First, it is worth taking a minute to understand the different types of gaps that form.
Common Gaps - the most frequent type and most likely to fill as they do not signal a trend and occur due to normal price fluctuations.
Breakaway Gaps - occur after shares have been trading in a range, consolidating, and then breaking out, typically signaling a direction
Runaway Gaps - go with the trend and further confirm it, jumping in price and suggesting momentum is gaining.
Exhaustion Gaps - happen after a prolonged move in one direction, reversing, and potentially signaling a change in trend.
Of the four types of gaps, both common gaps and exhaustion gaps are the most likely to fill as they’re not signaling a breakout and momentum is not picking up.
Instead, profits are being taken or minor news events are causing a brief disruption to the trend, but the trend often continues.
The great thing about the DraftKings chart is it not only has gaps, it has examples of each type of gap.
Zooming out a bit, you can clearly see each one.
DKNG has had every type of gap form over the past 12 months.
How to Execute the Gap Fill Strategy
Now that you understand the types of gaps to look for you can start to trade them accordingly.
As noted, the most recent gap for DKNG was an exhaustion gap and that’s a gap that typically gets filled.
The opposite of that is the Breakaway gap, which happened after a period of consolidation from February through April and got DKNG running higher!
However, targeting gaps alone is not enough. You also need to incorporate technical analysis to help put the odds in your favor.
Look for bounces off of support, similar to the bounce at $25.34 that ultimately started the move higher for DKNG.
Has the trend since the gap happened reversed?
This is another piece of information to look for. You can see that after the bounce off of support, DKNG broke through the downtrend and has continued higher.
Also keep an eye out for catalysts.
DraftKings is the beneficiary of sports ramping up as we close out the summer and head into the fall.
All of this information adds up to a nice set up for a potentially great trade.
To recap,
DKNG has an opportunity to fill an exhaustion gap.
Support found at prior resistance ($25.34).
Trend after gap down has been broken and reversed.
Sports betting season is ramping up.
There have been buying opportunities along the way, most recently on the dip to the 50-day moving average after it held.
Congratulations to you if you got in on this great trade!
Exiting the Trade
Just as important as knowing when to get in a trade is understanding where the exit points are well before you put your money to work.
You will typically see one of two types of action after a gap has been filled.
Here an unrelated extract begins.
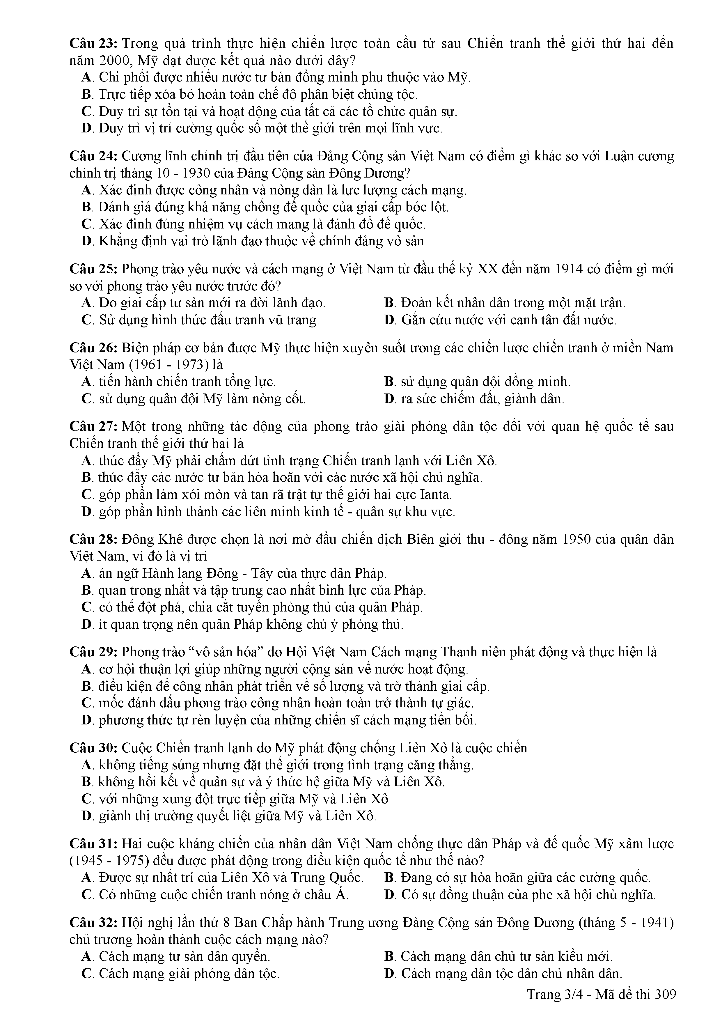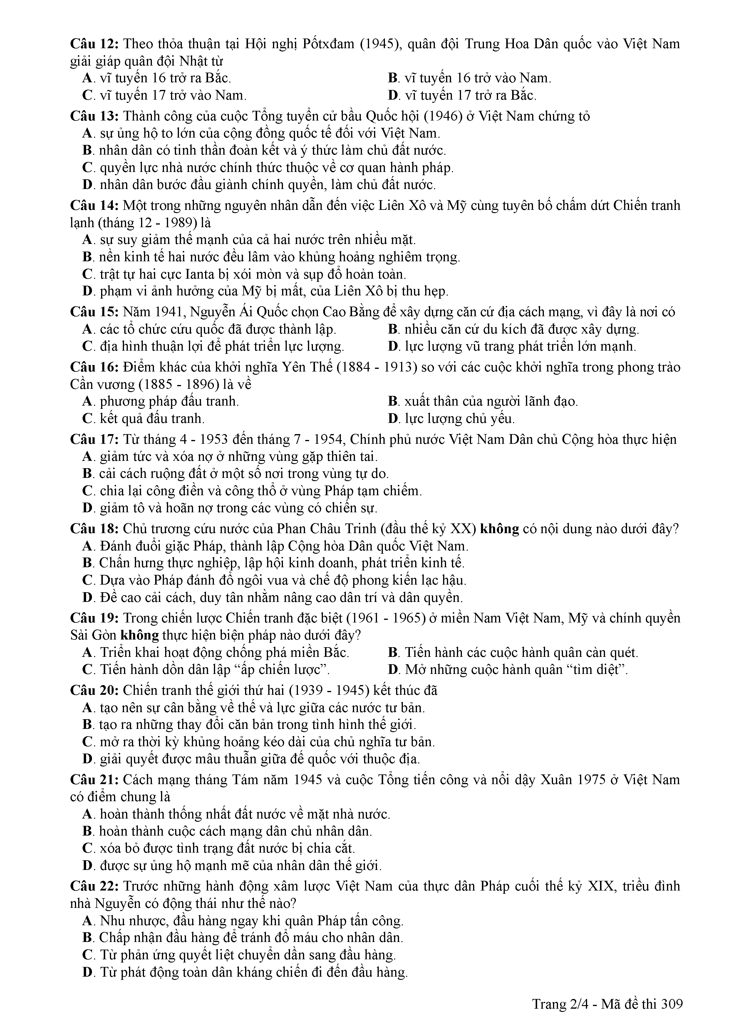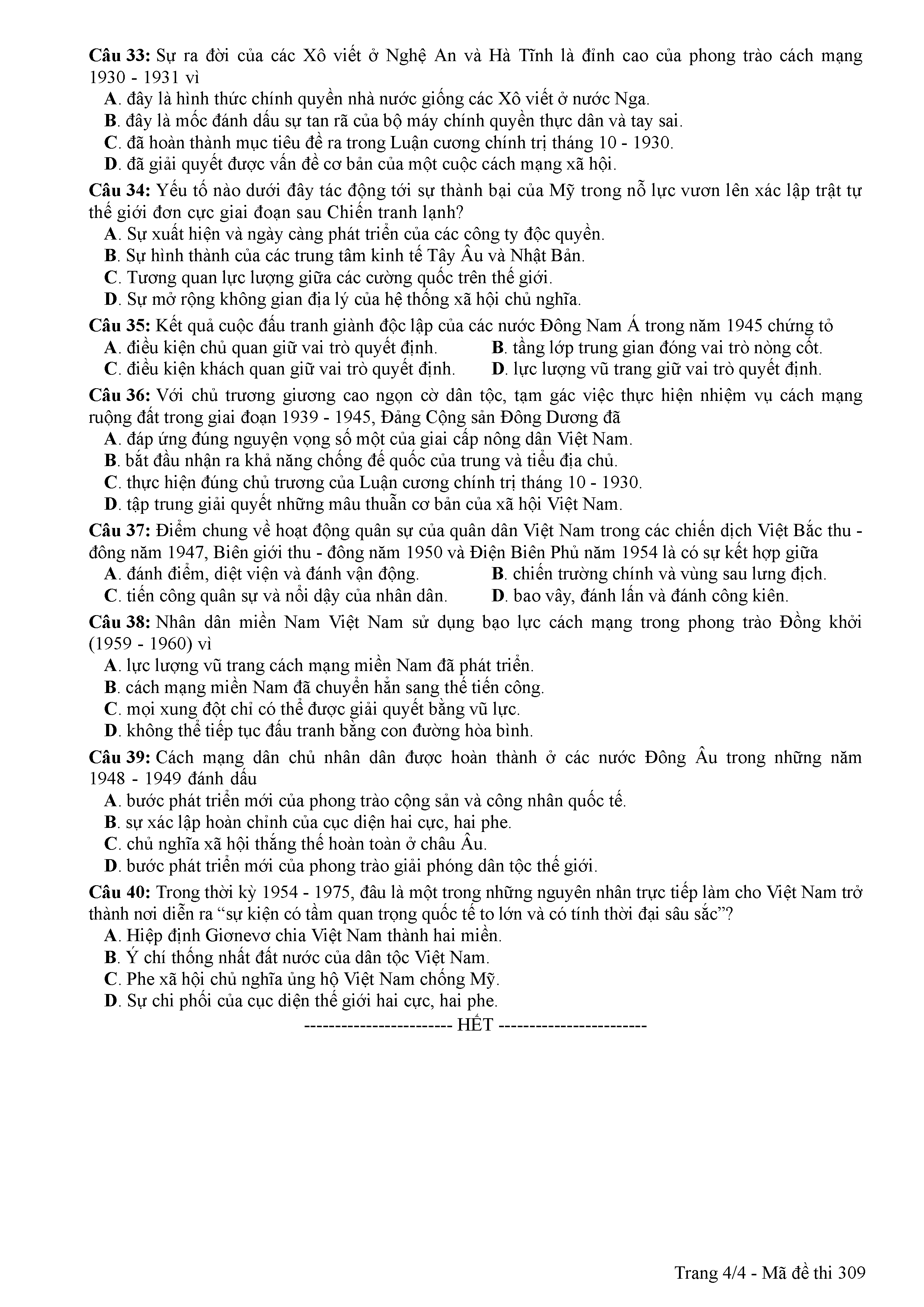 ĐỀ THI CHÍNH THỨC THPTQG NĂM 2017 - MÔN LỊCH SỬ-MÃ ĐỀ 309

The first is a quick reversal. This is a great spot to take some profits, at least trimming your position because the momentum is taking a hit.
The second is a powerful move right through the gap on strong volume. There is no hesitation, just a push right through.
When this happens, you naturally will want to hang on for the ride. And you should! That said, I always recommend taking profits on a big move higher.
On the other side of the coin, if the price action stalls after filling a gap, I consider this another sign to end the trade or at least take some off of the table.
For DKNG, the exhaustion gap was filled with strong volume in a week that was tough for most of the market.
Poised for more upside, we will see if momentum continues or if shares stall out here above $30 again. It is going to be another interesting week.
Take profits while they are there. That’s why we trade!